Copy out the data in full and exactly, passing over the pictures.

Supplied information: Begin

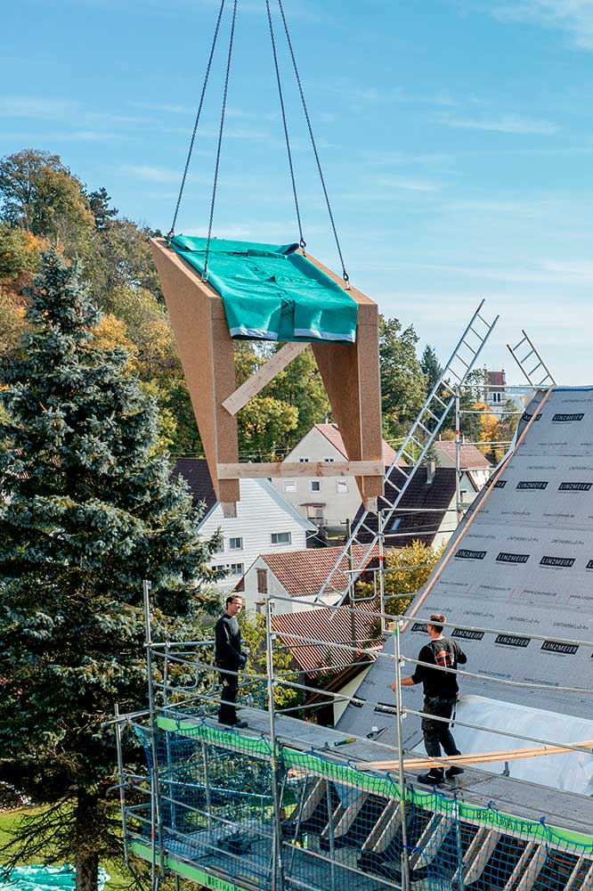Die Gaubenbauteile setzte die Zimmerei Rettich mit den Zimmereimitarbeitern auf der Baustelle zur fertigen Gaube zusammen. Mit dem Kran aufs Dach gehoben, passten die Gauben auf Anhieb.
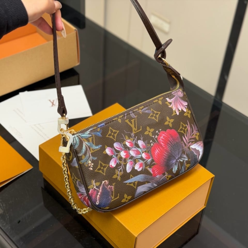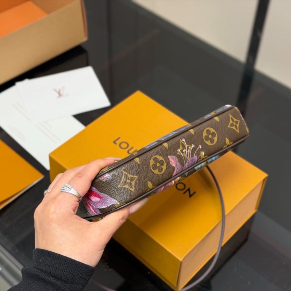 This Monogram Eden edition of the Pochette Accessories strikes the balance of glamour and sophistication with its unique floral motifs. The compact design is crafted from signature Monogram canvas, trimmed with smooth leather and finished with sleek gold-toned hardware. It opens to reveal a large compartment to store everyday essentials, and includes a flat pocket to keep a few cards or notes organized.
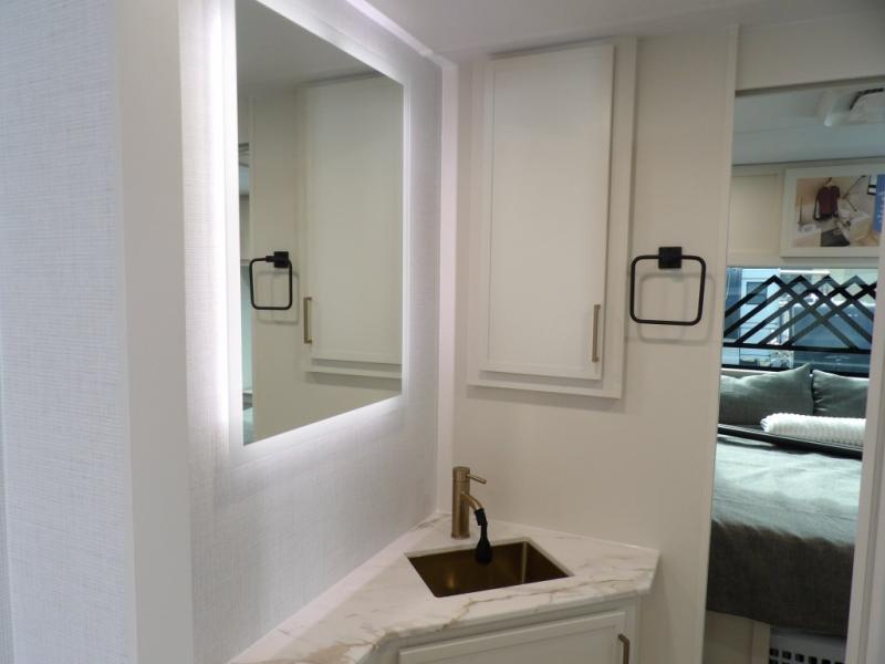 The lightweight Model I travel trailer by Brinkley is the perfect choice for those looking for an easy tow and at-home comforts! There is a drop-frame chassis, high-performance Road Armor suspension equalizer system, and Demco EZ Latch trailer coupler that automatically latches when dropped onto a hitch ball without the need of a safety pin. Additional exterior features include square Euro frameless windows, automotive-grade paint, full-width LED strip lighting in the pass-thru, and a pet & property security campside tie-down to keep your gear and furry friends safe. Inside, you'll be wowed by Brinkley's CraftSense wood trim construction, residential solid surface kitchen countertops, dimmable bedroom lights, and marine-grade neon LED shower lighting to name a few stand-out features!

Supplied information: End

## Task output
Die Gaubenbauteile setzte die Zimmerei Rettich mit den Zimmereimitarbeitern auf der Baustelle zur fertigen Gaube zusammen. Mit dem Kran aufs Dach gehoben, passten die Gauben auf Anhieb.
 This Monogram Eden edition of the Pochette Accessories strikes the balance of glamour and sophistication with its unique floral motifs. The compact design is crafted from signature Monogram canvas, trimmed with smooth leather and finished with sleek gold-toned hardware. It opens to reveal a large compartment to store everyday essentials, and includes a flat pocket to keep a few cards or notes organized.
 The lightweight Model I travel trailer by Brinkley is the perfect choice for those looking for an easy tow and at-home comforts! There is a drop-frame chassis, high-performance Road Armor suspension equalizer system, and Demco EZ Latch trailer coupler that automatically latches when dropped onto a hitch ball without the need of a safety pin. Additional exterior features include square Euro frameless windows, automotive-grade paint, full-width LED strip lighting in the pass-thru, and a pet & property security campside tie-down to keep your gear and furry friends safe. Inside, you'll be wowed by Brinkley's CraftSense wood trim construction, residential solid surface kitchen countertops, dimmable bedroom lights, and marine-grade neon LED shower lighting to name a few stand-out features!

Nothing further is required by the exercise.